Sort array by O (N) on CUDA
Introduction
Somehow there was a task to sort a unique array of strings using a GPU with a minimum of code and the highest possible speed ...
In this post I will describe the main idea of its solution. As the elements of the sorting array in this post are numbers.
The case with the unique elements of a small array
CUDA was chosen as a platform for reasons that can be considered brand or individual. In fact, there are a lot of examples here at CUDA, and at the moment it has received more development in GPU computing than similar platforms from ATI and OpenCL.
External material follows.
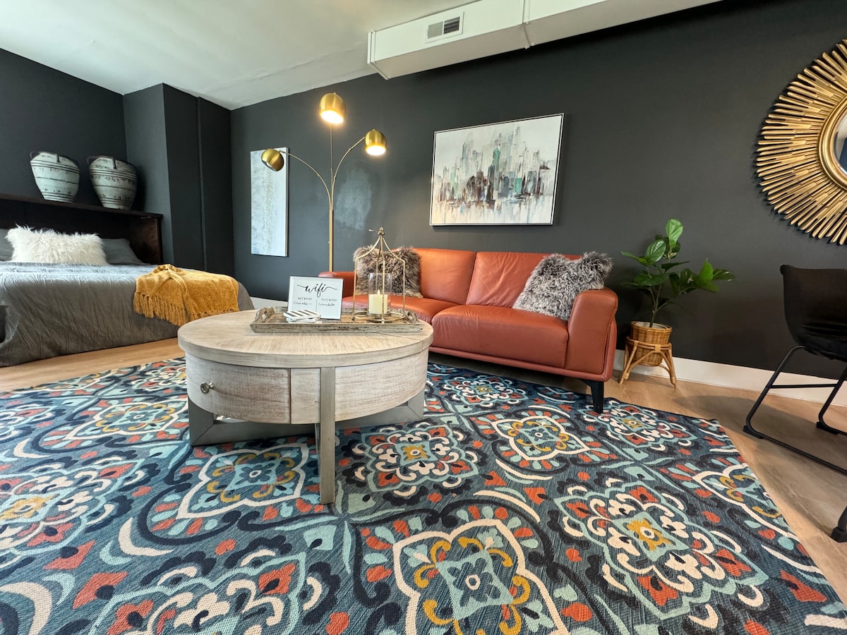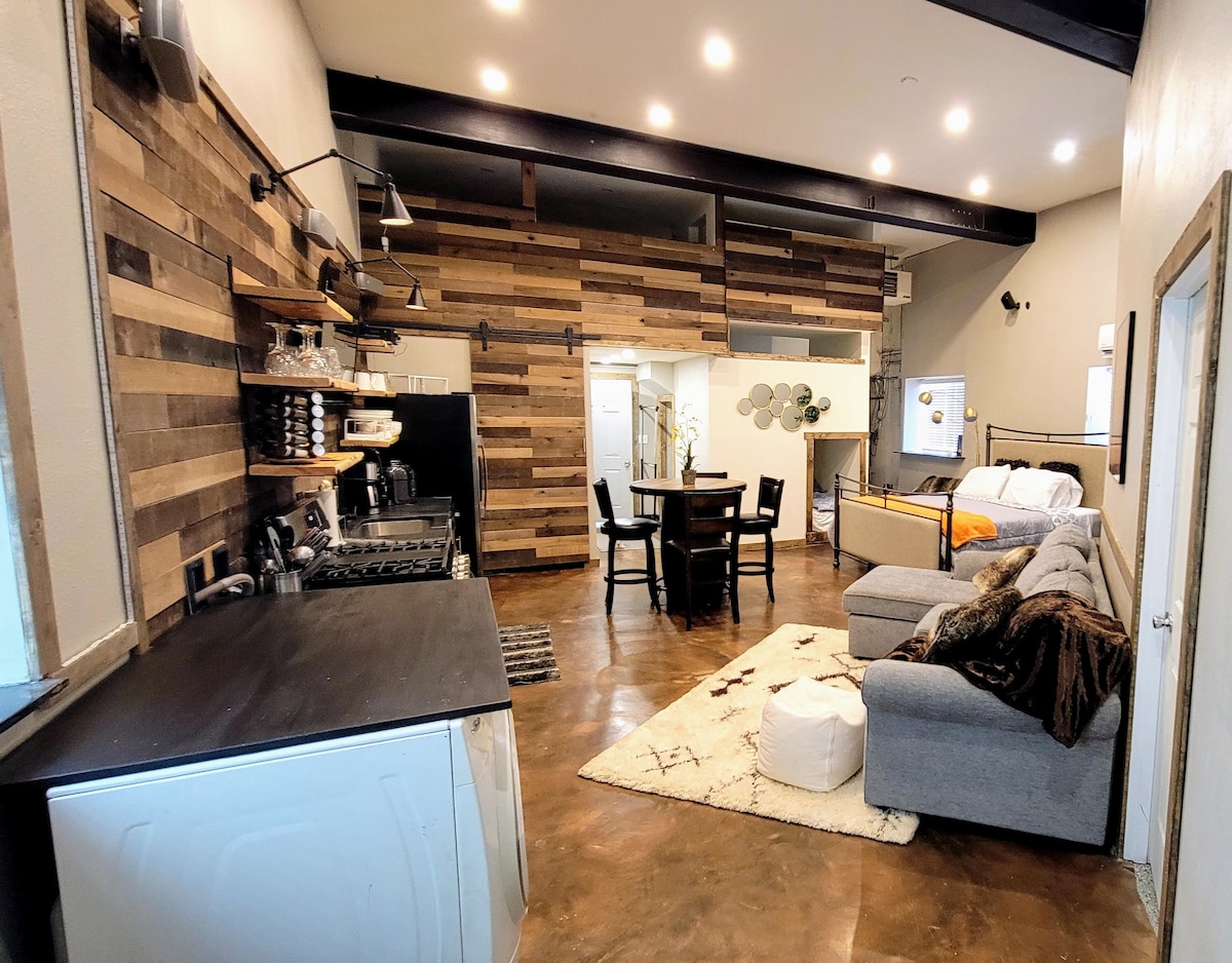 Kasalukuyang loft sa downtown, na matatagpuan sa itaas ng full - service restaurant, award - winning na brewery, lokal na coffee shop/panaderya at sa loob ng maikling lakad papunta sa iba 't ibang tindahan. Nagtatampok ng King bed sa master bedroom, Queen bed sa open - concept bedroom kasama ang magandang workspace at Full pullout daybed sa sala. Ang banyo ay may magandang quartz walk - in shower kasama ang mga dobleng lababo (at washer/dryer). Nagtatampok ang kumpletong kusina ng counter seating na may tanawin!
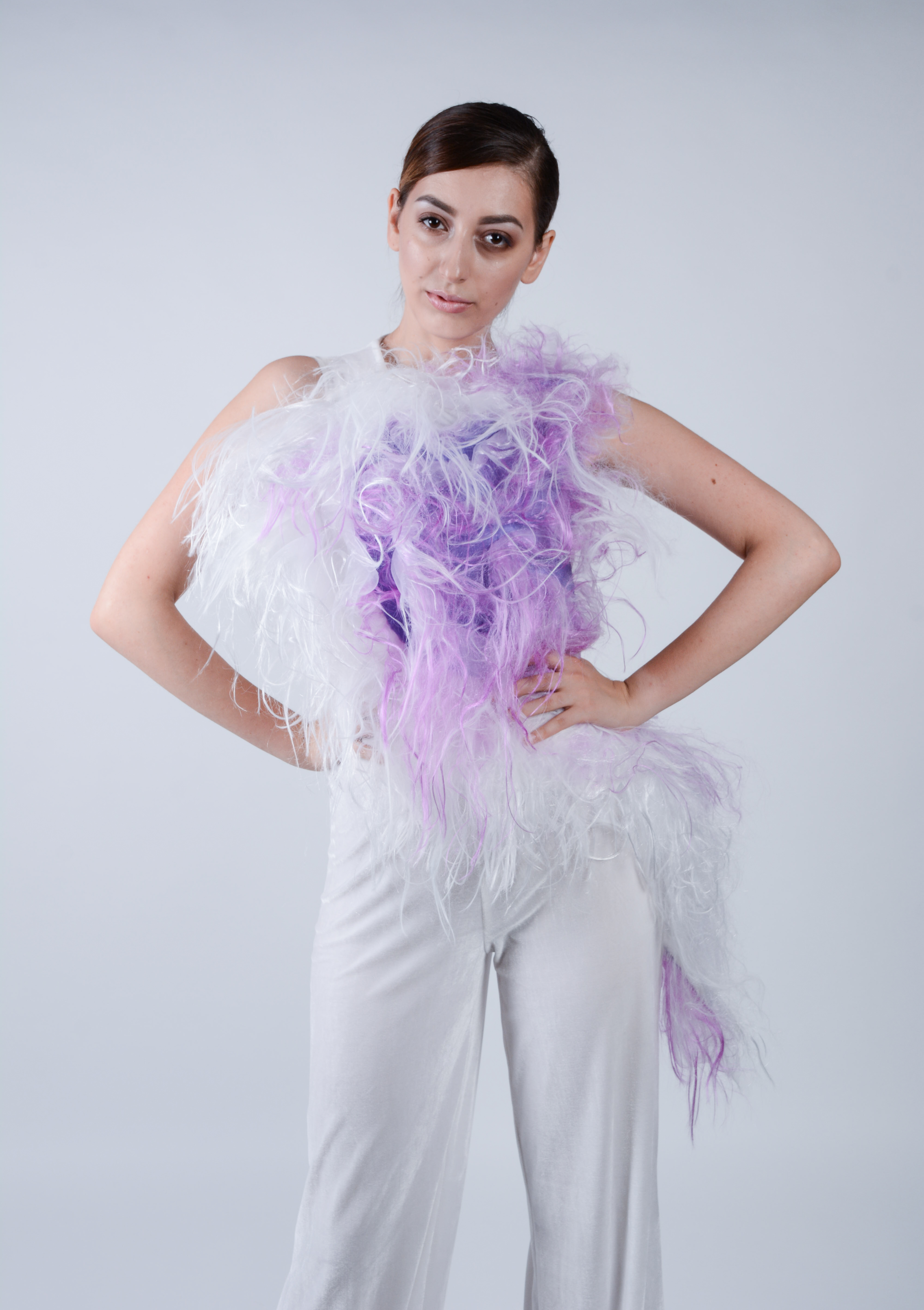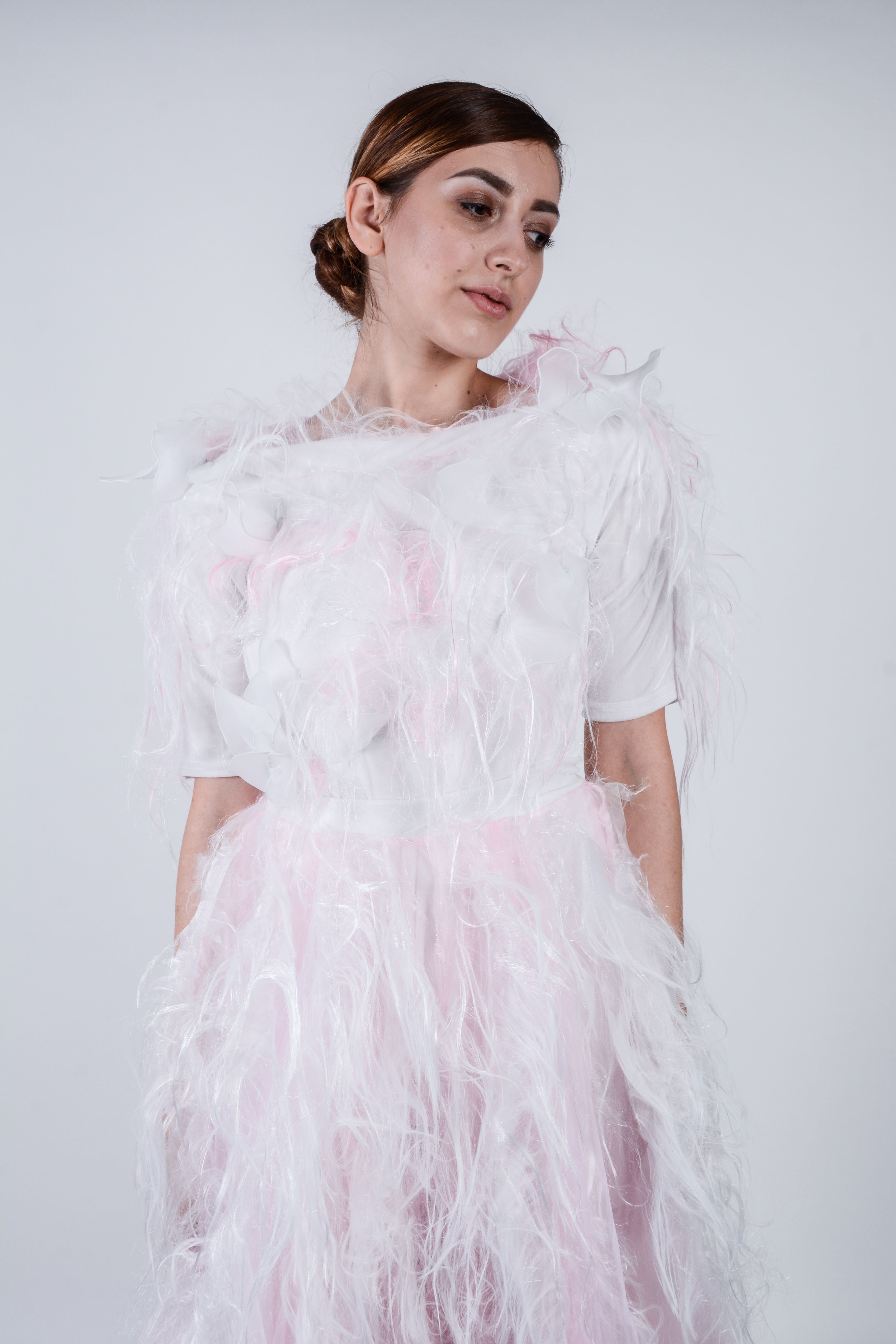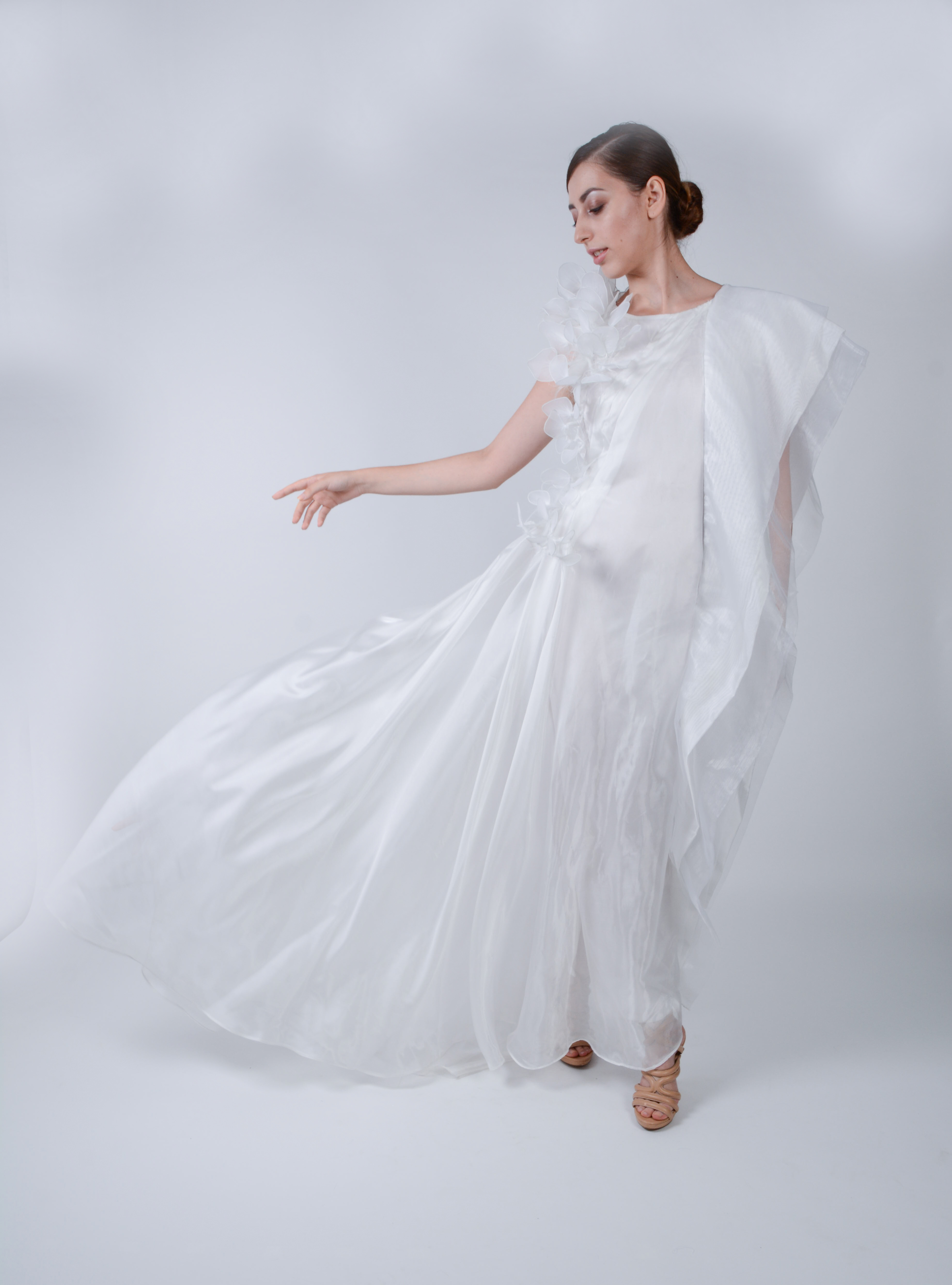 Colecția Sinidisis are la bază ideea de suflet, care călătorește între cele două lumi, acesta fiind reprezentat în vestimentație prin materialele delicate și subțiri, a căror cromatică semnifică puritatea, lumina, sfințenia, lumea de dincolo, echilibrul și optimismul. Colecția expune sufletul care se plimbă între cele două lumi, fiind reprezentat prin mici detalii, cum ar fi ideea de aripi creată prin destrămarea organzei, transparențele create din organza ,care dau impresia de plutire, catifeaua albă ce exprimă puritatea și sensibilitatea sufletului, structura de sârmă prelucrată în petale albe care sunt în echilibru cu drapajul de voal și organza care creează impresia de plutire. Un alt detaliu reprezentativ este locul de unde pornește organza destrămată,respectiv în zona inimii unde se consideră a exista sufletul.

A web search for sorting algorithms on CUDA gave different results. Here is the most interesting . There is a drawing
which shows that the best result was given by the QSORT algorithm, which gives the complexity of the order from O (NlogN) to O (N ^ 2). And although parallelization on GPU gave the best result in the article, the doubt crept in that QSORT is not the best way to use the resources of a video card for this task (especially it scared the size of the above code). The following describes the solution of the problem, in fact “one line” with thecomplexity of the time complexity O (N) in the worst case.
So, what we have: modern video cards have more than 500 * 32 streams (GTX275), operating simultaneously, about 15,000.
I had the following conditions for the sorting problem: an array with a length of up to 1000 elements (the general case with a large value is considered further, but I had this). Sorting such an array with O (NlogN) time, with 15,000 threads, seemed somehow wasteful.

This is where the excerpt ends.